WORK REQUEST:
From the line containing "UN CHOUAN: CAMPESINO VENDEANO" through the final line of the records, reproduce every line exactly.

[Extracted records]

§ §

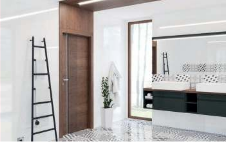
Natura SPACE 7, Stejar Brun
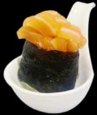
104. NORI SAKE
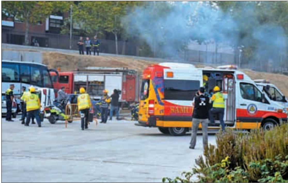
Un momento del simulacro realizado en presencia del alcalde de Madrid
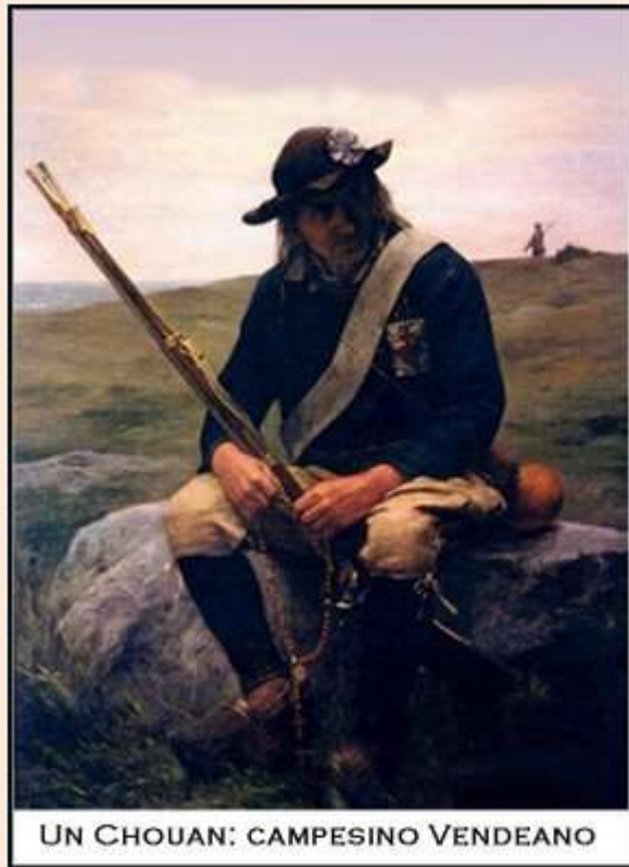
UN CHOUAN: CAMPESINO VENDEANO

En 1790, en la Francia occidental, se produjo una situación de persecución a la Iglesia bajo el amparo de la ley. Cuando los campesinos católicos de la Vendée se atrevieron a resistir a esa persecución, los legisladores ateos ordenaron el total exterminio de la población de esa región – hombres, mujeres y niños.

§ §

TASK RESPONSE:
UN CHOUAN: CAMPESINO VENDEANO

En 1790, en la Francia occidental, se produjo una situación de persecución a la Iglesia bajo el amparo de la ley. Cuando los campesinos católicos de la Vendée se atrevieron a resistir a esa persecución, los legisladores ateos ordenaron el total exterminio de la población de esa región – hombres, mujeres y niños.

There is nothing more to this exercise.